收拾妥当,沈清禾牵着瑾儿走出内院。庭院里,陈阁老正端着茶盏细品,谢厌舟坐在对面,两人之间摆着半局残棋。看见沈清禾出来,陈阁老放下茶盏:“王妃收拾好了?”

“是。”沈清禾福身,“劳烦陈大人了。”

“应当的。”陈阁老站起身,目光落在瑾儿胸前的玉佩上,眼神微微一凝。他没说话,转身往府门走。赵明德跟上,回头看了谢厌舟一眼,欲言又止。

马车已在府门外候着。沈清禾抱起瑾儿正要上车,手腕突然被人握住。她回头,对上谢厌舟漆黑的眼。“记住我说的话。”谢厌舟声音很轻,“别怕。”

沈清禾心头一热,点点头。她抱着瑾儿上了马车,帘子落下的瞬间,看见谢厌舟依然坐在轮椅上,背脊挺得笔直。

马车辘辘前行。沈清禾掀开帘子一角,看见琅琊城钟楼的方向,又有火光亮起。这次不是幽蓝色,而是血红。

“母亲。”瑾儿突然开口,“我不怕。”

沈清禾低头,看见孩子眼中的坚定。她伸手抱紧瑾儿,心中却满是不安。朝廷这次动作太快,分明是有备而来。而谢厌舟让她别怕,可他自己呢?留在琅琊的他,又该如何应对接下来的风暴?

马车驶出城门时,沈清禾听见身后传来沉闷的关门声。她回头看去,琅琊城门在月光下缓缓闭合,仿佛一张巨口,将她和谢厌舟隔在两个世界。

车厢里,陈阁老突然开口:“王妃,老夫有句话不知当讲不当讲。”

沈清禾收回目光:“陈大人请说。”

“镇南王是个聪明人,聪明到让人忌惮。”陈阁老叹息,“可越是聪明,越容易聪明反被聪明误。王妃身为枕边人,该劝的时候,还是要劝。”

沈清禾垂眸:“民妇不懂朝堂之事。
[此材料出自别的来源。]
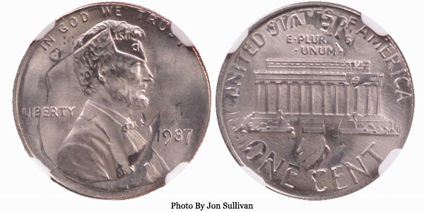 1987 Lincoln Cent on Dime
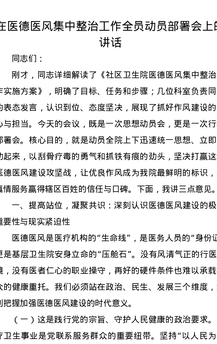在医德医风集中整治工作全员动员部署会上的讲话
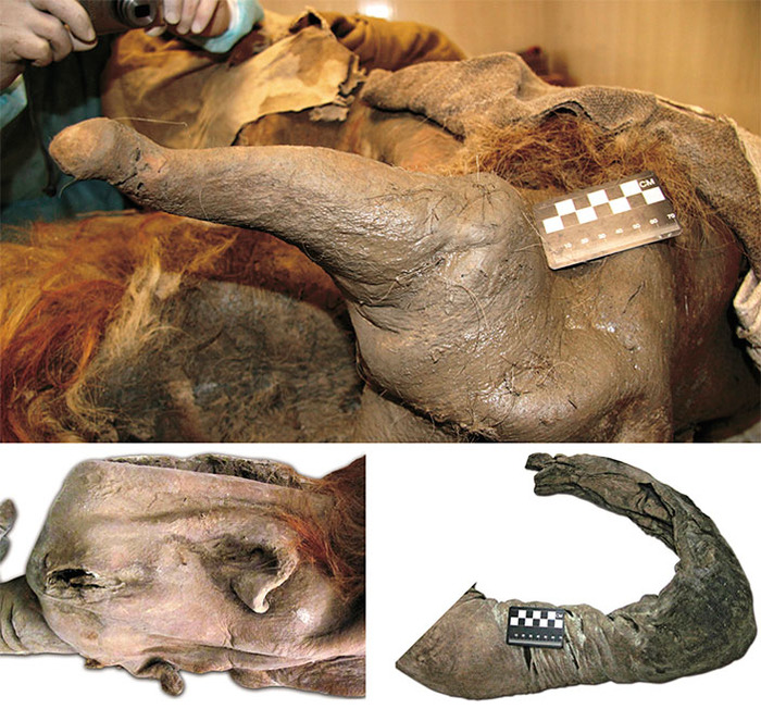 Хорошо сохранившийся хобот мамонтенка является большой редкостью для такого рода палеонтологических останков. Судя по более развитым и длинным, чем у слонов, отросткам конца хобота, мамонты обладали большей способностью к захвату и собиранию мелких растений. Это, несомненно, являлось приспособлением для быстрого насыщения пищей в условиях малокормных северных лугов. Ведь этим гигантам требовалось до 200–300 кг зеленой массы в день!

”

“不懂?”陈阁老笑了,“云锦阁和清风茗,可都是王妃的手笔。京城那些贵妇人,如今谁不夸王妃经商有道?”他顿了顿,“只是老夫好奇,王妃这些手段,是跟谁学的?”

沈清禾心头一紧。她知道陈阁老这是在试探,云锦阁的会员制、饥饿营销,这些手段在大昭朝闻所未闻。若是说不出个合理来由,难免让人怀疑。